For this assignment, you must work in groups of one or two students. Each person is responsible to write their own code, but the group will (together) discuss their solution. In this notebook, we provide you with basic functions for completing the assignment. Complete the assignment in this notebook. You will need to modify existing code and write new code to find a solution. Each member of the group must upload their own work (i.e., a notebook file) to GitHub.

Note: Running a cell will not rerun previous cells. If you edit code in previous cells, you must rerun those cells. If you are having trouble with undefined errors and code changes not applying, we recommend using Run All to avoid any errors results from not rerunning previous cells. You can find this in the menu above: Cell -> Run All

This week, we are looking at an example of processing and analysing data in the domain of soil science. Soil moisture is a critical variable that links climate dynamics with water and food security. It regulates land-atmosphere interactions (e.g., via evapotranspiration – the loss of water from evaporation and plant transpiration to the atmosphere), and it is directly linked with plant productivity and survival. Information on soil moisture is important to design appropriate irrigation strategies to increase crop yield, and long-term soil moisture coupled with climate information provides insights into trends and potential agricultural thresholds and risks. Thus, information on soil moisture is a key factor to inform and enable precision agriculture.

The current availability in soil moisture data over large areas comes from remote sensing (i.e., satellites with radar sensors) which provide daily, nearly global coverage of soil moisture. However, satellite soil moisture datasets have a major shortcoming in that they are limited to coarse spatial resolution (generally no finer than 25 km).

There do exist at higher resolution other geographic datasets (e.g., climatic, geological, and topographic) that are intimately related to soil moisture values. With a group of soil scientists at the University of Delaware, we have paired soil moisture data and various topographic parameters in order to downscale (i.e., increase resolution) the originial soil moisture product.

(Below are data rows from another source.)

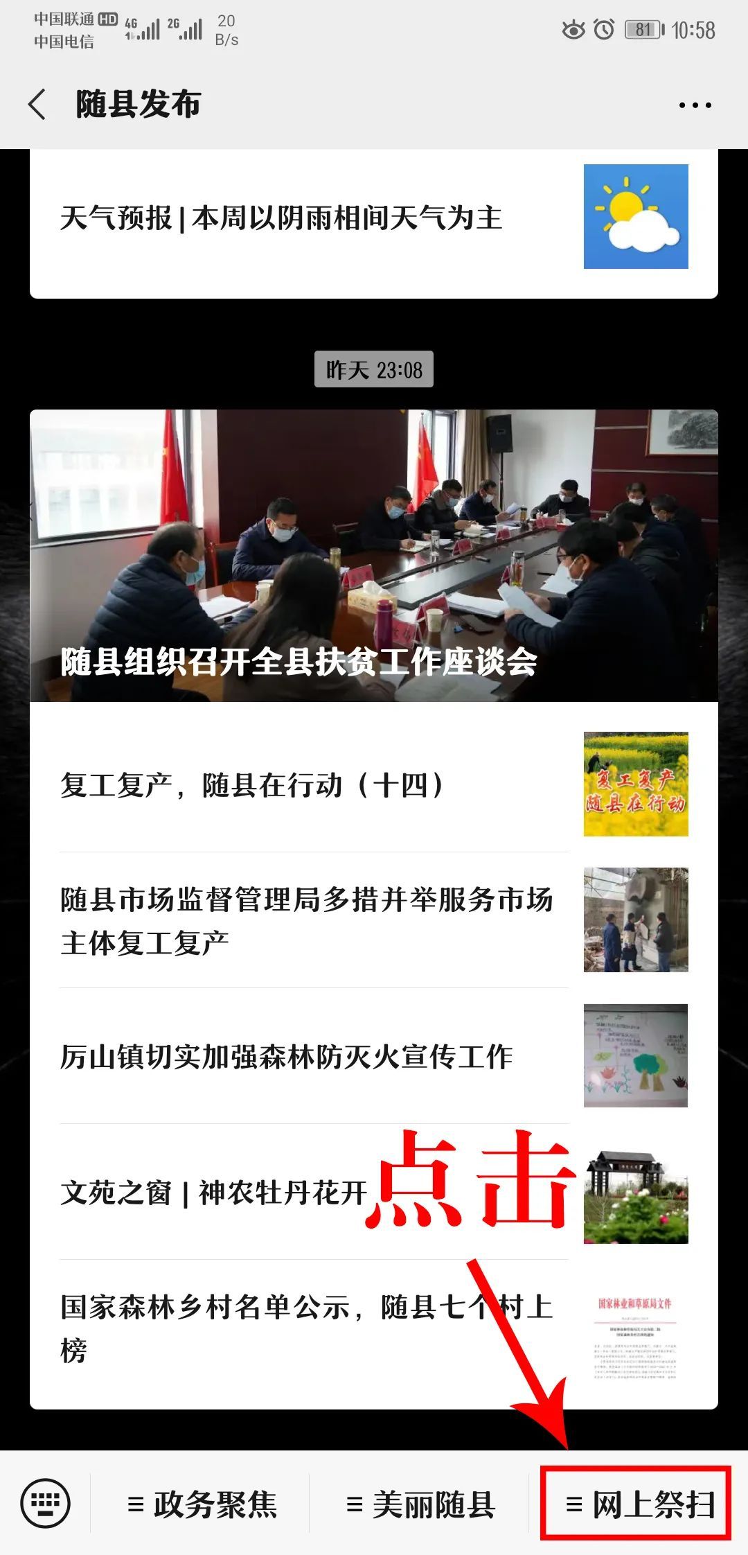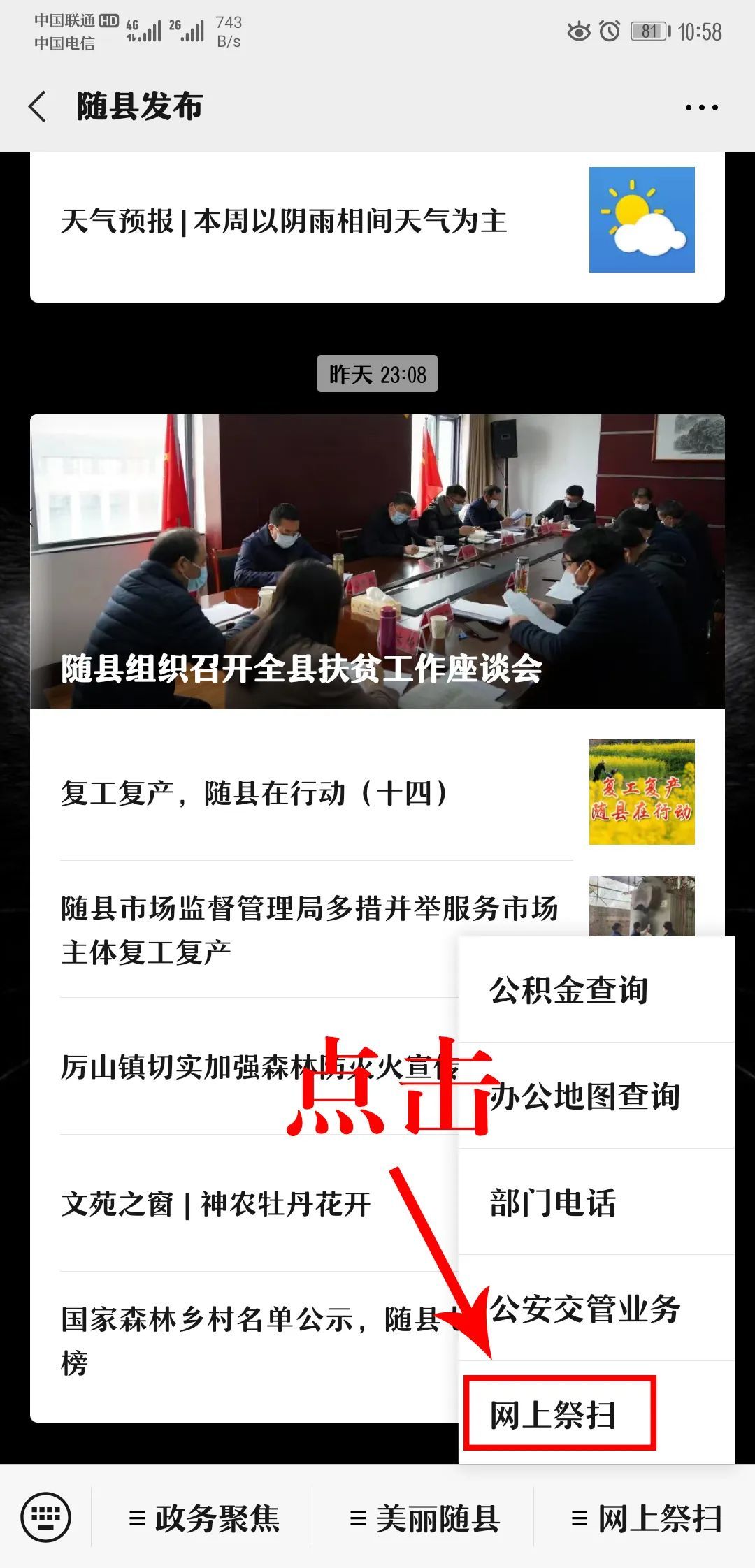 首先打开随县发布微信公众号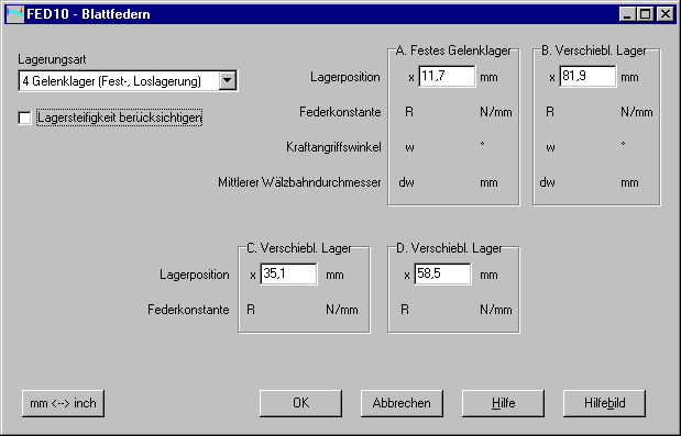 Das Eingabefenster für die Lagerung sieht jetzt gleich aus wie im Wellenberechnungsprogramm WL1+. Das erleichtert die Eingabe von mehreren Auflagerpositionen und Auflagersteifigkeiten, wenn auch bei Blattfeder und Träger eine feste Einspannung bei x=0 überwiegen dürfte.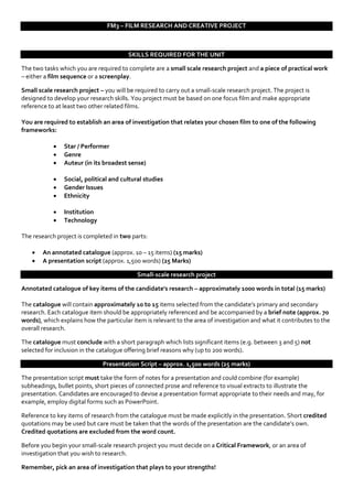 The document provides guidance for students completing a small-scale research project and presentation as part of an FM3 film studies course. It outlines the key requirements, including: [1] Completing a research project focused on one film and referencing at least two other related films; [2] Creating an annotated catalogue of 10-15 research sources; [3] Writing a 1,500 word presentation script in a format suited for presenting, rather than an essay. The document provides advice on choosing an appropriate focus film and area of investigation, conducting research, compiling the catalogue, and constructing the presentation script.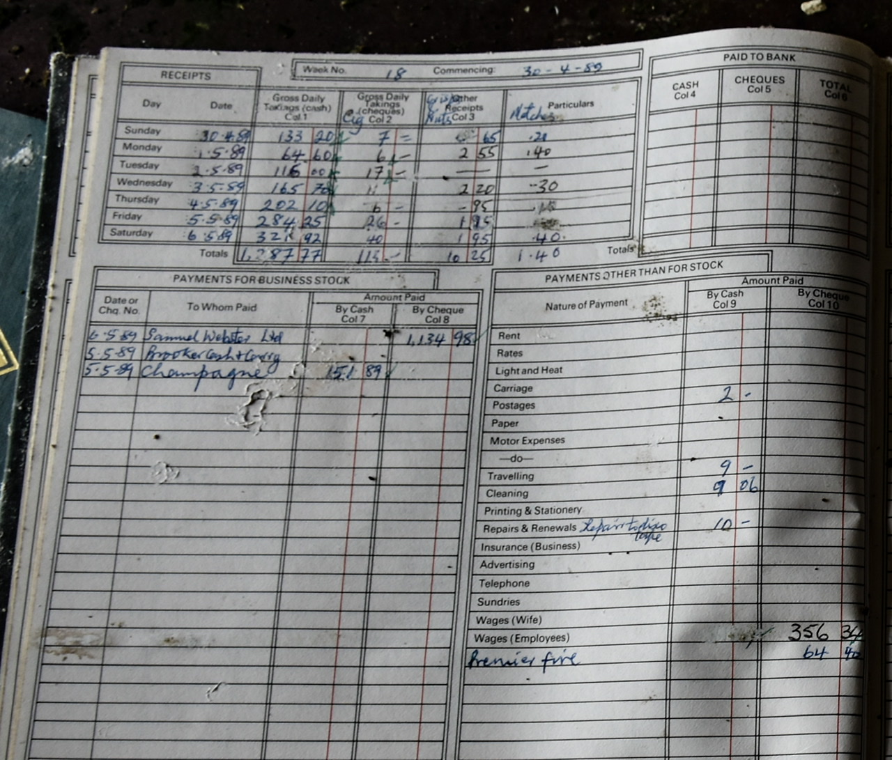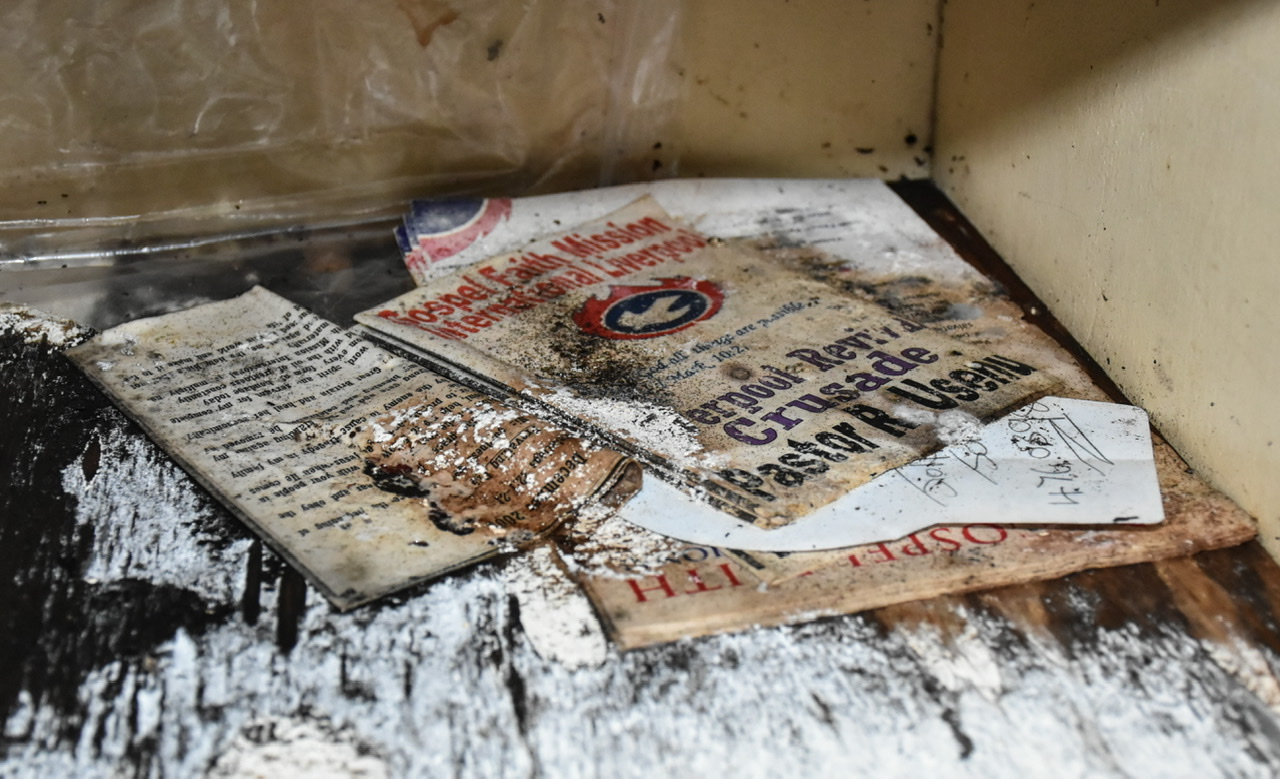 Detritus, an accounts ledger from 1989, religious text fliers and a mug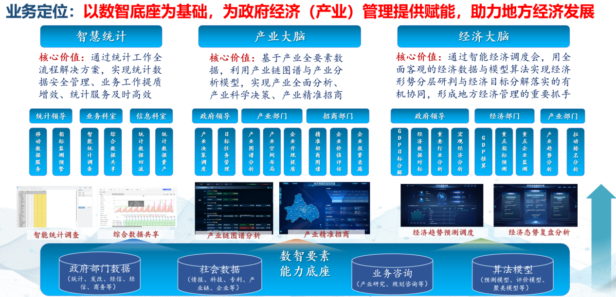 為充分發(fā)揮數(shù)字化在政府履行經(jīng)濟(jì)調(diào)節(jié)的重要支撐作用,強(qiáng)化經(jīng)濟(jì)運(yùn)行大數(shù)據(jù)監(jiān)測(cè)分析,提升經(jīng)濟(jì)調(diào)節(jié)能力,中科信息公司以“數(shù)據(jù)智能”驅(qū)動(dòng)政府產(chǎn)業(yè)與經(jīng)濟(jì)治理的數(shù)字化改革,基于自身在產(chǎn)業(yè)經(jīng)濟(jì)領(lǐng)域的行業(yè)經(jīng)驗(yàn)、技術(shù)積累及數(shù)據(jù)沉淀,構(gòu)建宏觀“看形勢(shì)”“測(cè)趨勢(shì)”,中觀“析堵點(diǎn)”,微觀“治問(wèn)題”三層應(yīng)用,打造“經(jīng)濟(jì)大腦”、“產(chǎn)業(yè)大腦”、“智慧統(tǒng)計(jì)”全鏈條產(chǎn)品解決方案,成為地方政府做好經(jīng)濟(jì)治理、產(chǎn)業(yè)發(fā)展的有力抓手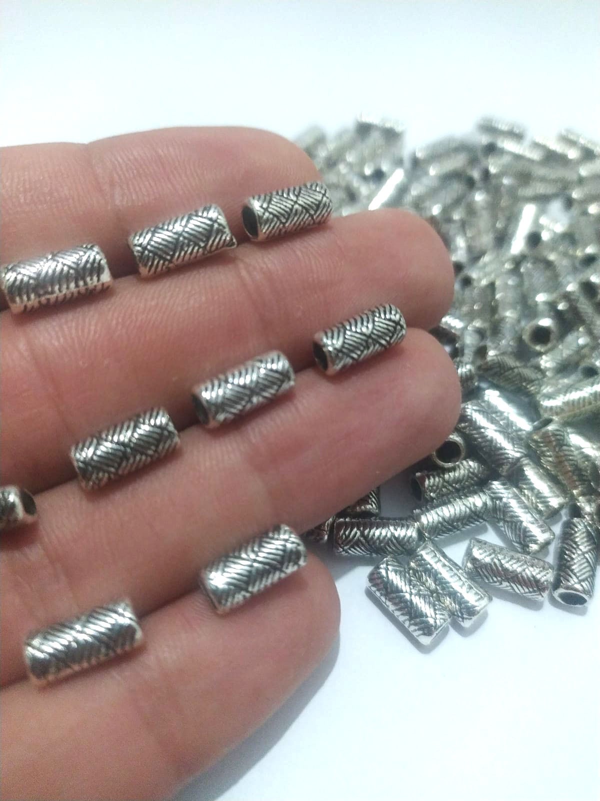 Takı Tespih Yapımı için 5 adet Silver Uzun Silindir Otantik Aparat Boncuk Kolye Bileklik Halhal
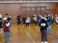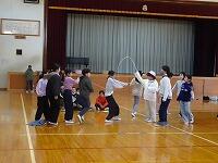 チームごとに、長縄跳びの練習をしてチャレンジ!!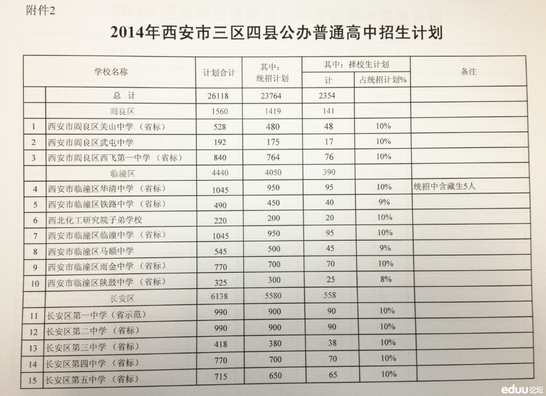 2014西安民办高中及三区四县公办普通高中招生计划(12)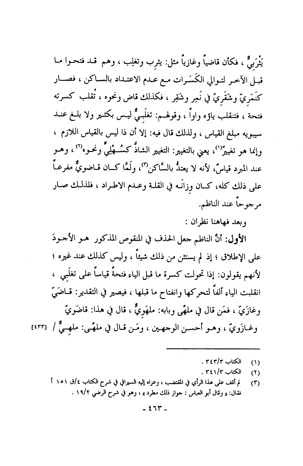 الأول: أن الناظم جعل الحذف في المنقوص المذكور هو الأجود على الإطلاق؛ إذ لم يستثن من ذلك شيئاً، وليس كذلك عند غيره؛ لأنهم يقولون: إذا تحولت كسرة ما قبل الياء فتحةً قياساً على تغلَبِي، انقلبت الياء ألفاً لتحركها وانفتاح ما قبلها، فيصير في التقدير: قاضَيّ وغازَيّ، فمن قال في ملهًى وبابه: ملهَوِيٌّ، قال في هذا: قاضَويّ وغازَويّ، وهو أحسن الوجهين، ومن قال في ملهٍى: ملهِيٌّ /

This assignment walks through some early stages of data downscaling as a means to introduce you to a common and powerful Python package for data analysis: Pandas. The workflow consists of stages–data processing, modeling to generate fine-scale predictions, and visualization–wrapped in a Jupyter Notebook to demonstrate the sharability and reproducibility we discussed previously.

For the initial part of this assignment, we will process data in Pandas DataFrames to prepare it for modeling. We are looking at data for the Mid Atlantic Coastal Plains, a North American ecoregion containing the state of Delaware (designated by the Commission for Environmental Cooperation).